Las manos atadas de la ONU son el reflejo de cómo anda el orden mundial, mientras la justicia y la observancia de las normas de convivencia en el orbe sufren el ultraje

Autor:

Marina Menéndez Quintero

La muerte impune en Gaza restará alegría a los brindis esta noche. Cierra 2023 con un manto de luto que ha puesto en la palestra las muchas deudas con que el mundo recibe el nuevo año.

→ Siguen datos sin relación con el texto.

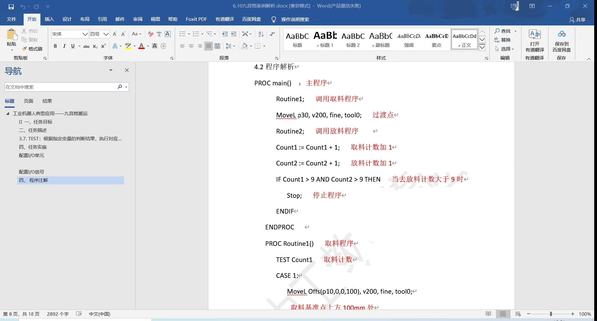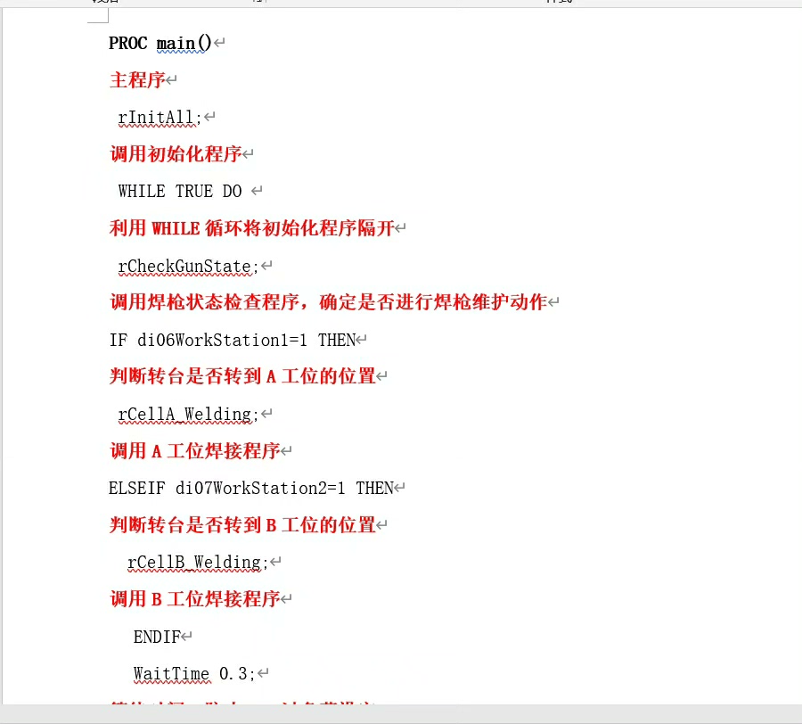 代码分析:这段代码首先定义了抓取点PickPoint和放置点PlacePoint。在main程序中,先通过MoveJ指令以关节运动方式快速移动到抓取点附近,然后打开夹具,再以线性运动MoveL精确到达抓取点并关闭夹具抓取物品。接着线性移动到放置点,打开夹具放下物品,最后关节运动回到初始位置。
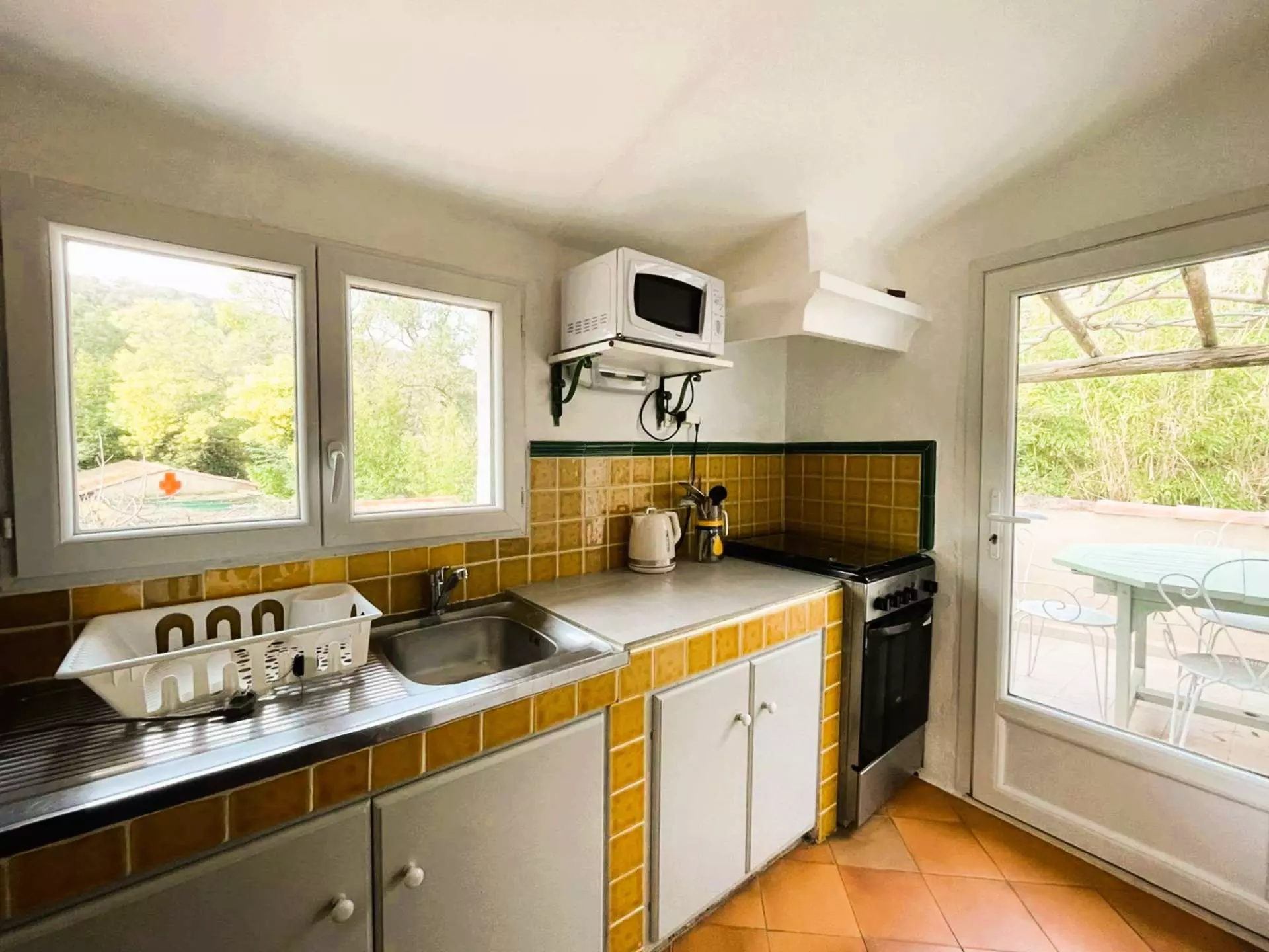 The apartment welcomes you with its typical and warm decor: terracotta tiles, yellow Provençal earthenware in the kitchen, and exposed beams. It's a place with character, ideal for a complete escape.

La inoperancia de la comunidad internacional para detener un crimen convertido en masacre contra una población entera, confirma que los postulados de la ONU serán agua de borrajas mientras no se cambien las reglas dentro del sistema de Naciones Unidas; esas que han otorgado a Estados Unidos la oportunidad de sostener al agresor, su aliado, gracias al poder del veto.

Las manos atadas de la ONU son precisamente el reflejo de cómo anda el orden mundial: el atascamiento de sus facultades en torno a Gaza deja lecciones que es preciso anotar, porque mañana podría ser cualquiera de nosotros. La humanidad sigue mirando horrorizada, pero impotente, la tragedia. 

Otra vez, la justicia y la observancia de las normas de la convivencia internacional están siendo ultrajadas, y el respeto a los derechos humanos vuelve a ser letra muerta. Ello demuestra que las convenciones no bastan para asegurarlos mientras las potencias sigan aplicando el doble rasero.

La agresión israelí contra los palestinos constituye el más macabro y triste símbolo de las amenazas que persisten sobre la humanidad. El año 2023 dice adiós con la advertencia de que la paz seguirá siendo una aspiración difícil de alcanzar, mientras persistan los poderíos omnímodos.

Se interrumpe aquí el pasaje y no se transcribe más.